View Full Version : The First Game - Advice for Mentors
07-17-2004, 07:17 PM
I had the opportunity to help introduce a newbie to DBA by playing as opponent in his first game. I thought it went reasonably well, aided by the fact that his Athenians overwhelmed my Spartans 4-1. But it got me to thinking how to do it better.
In introducing a player, you can focus on the basic rules, the history of the armies, the tactics of the game, etc. Given all the finer points of the DBA rules mechanisms, it is easy to make an easy game seem complex. And at some point, I'm afraid too much information may just overwhelm the new player, whose primary goal is to just have fun.
Do that Fanatici, especially recent newbies, have any advice for DBA mentors on how best to introduce a new player to the game?
07-18-2004, 03:36 AM
Well, it sounds like you are being more of a teacher than mentor, so you might ask teachers how they do their job. smile.gif
I would suggest tailoring the lesson to the interests of the "student". Are they interested in the history of a particular era? Are they looking for a strategy game like chess but with a little more spice due to greater freedom of movement and dice rolling?
Just some thoughts...
07-18-2004, 04:30 PM
in my immediate area, I have indroduced roughly a dozen or more players to DBA over the course of all the revisions. What I have learned that works well for me, is that you teach DBA as a game and not a history lesson. I first start out showing the pluses for using this game system (thin rule book, many periods and regions covered, low cost of 15mm armies, less time required to paint smaller number of figures, etc....). Then I will show the variety of elements (mostly for recognition) and their purposes. I will divide these into mounted and foot with subs of heavy, light and missile troops. Then I use a empty board (no terrain) and let them chose 4 elements and I counter with 3 or 4 myself in a line for melee. This allows to get the feel for the characteristics of troop types and the results of recoils and overlaps. Eventually, I will show them "closing the door", missile overlaps and introduce terrain (BG and hills). Then we will run a regular game. I feel this type of tutorial allows the new player many oppurtunities for questions and select the fighting styles he prefers. I never let the new player read the book until this tutorial is over, since the writing is very confusing and may put the player off. I have had good luck with this introduction style and have maintained a good number of players to run campaigns.
07-18-2004, 09:39 PM
Most of the new entries to DBA in Canberra come in by way of my big campaign games.

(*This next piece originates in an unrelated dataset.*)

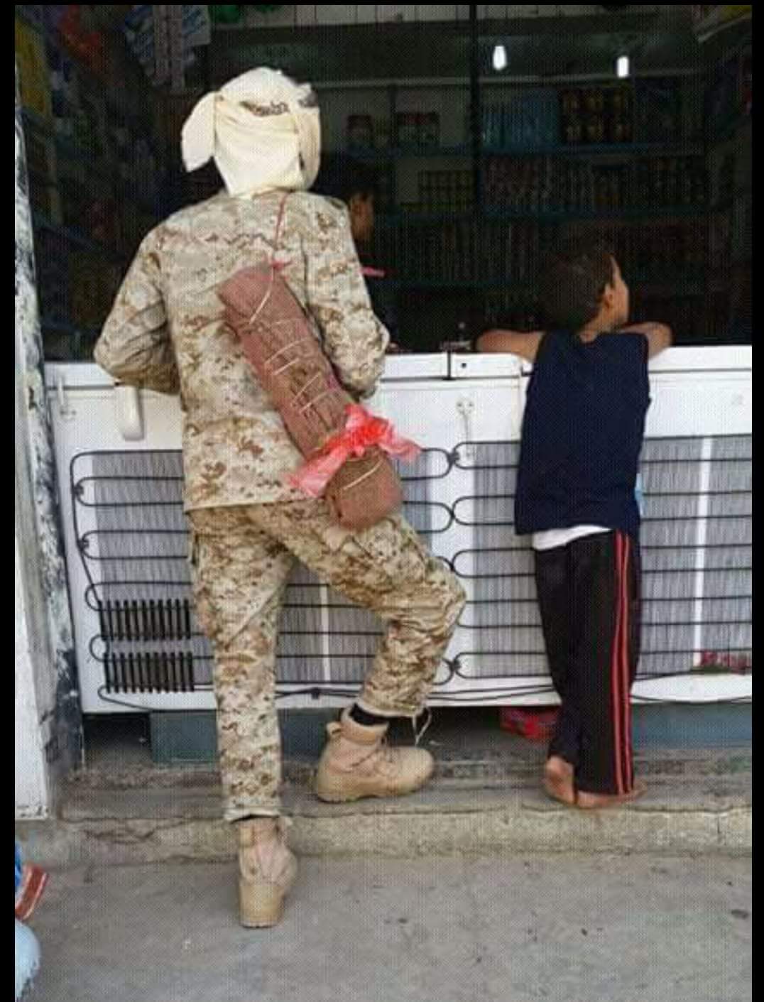 وعلق أحد الناشطين على الصورة قائلا " هكذا يحدث عندما تصبح العسكرية مجرد ارتزاق من أجل الحصول على حزمة قات او علبة سكار محلي الصنع.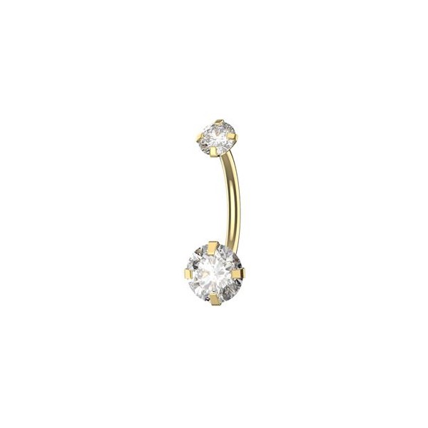 Zlacený ocelový piercing do pupíku s kulatým zirkonem

The tricks we use to introduce them include
1) They enter the campaign with a new country some time after a year has begun, thus they are unable to be invaded (no-one could declare war on them) and they are unable to invade (couldn't declare war on anyone else).
2) They are actively encouraged to send contingents to help the invaded. This allows them to witness the game mechanisms, but not risk their entire army or their country.
3) Come the next year, I suggest that the hang back and send contingents tactic be tried (if possible) for another year. After that they should have some experience and some grateful allies.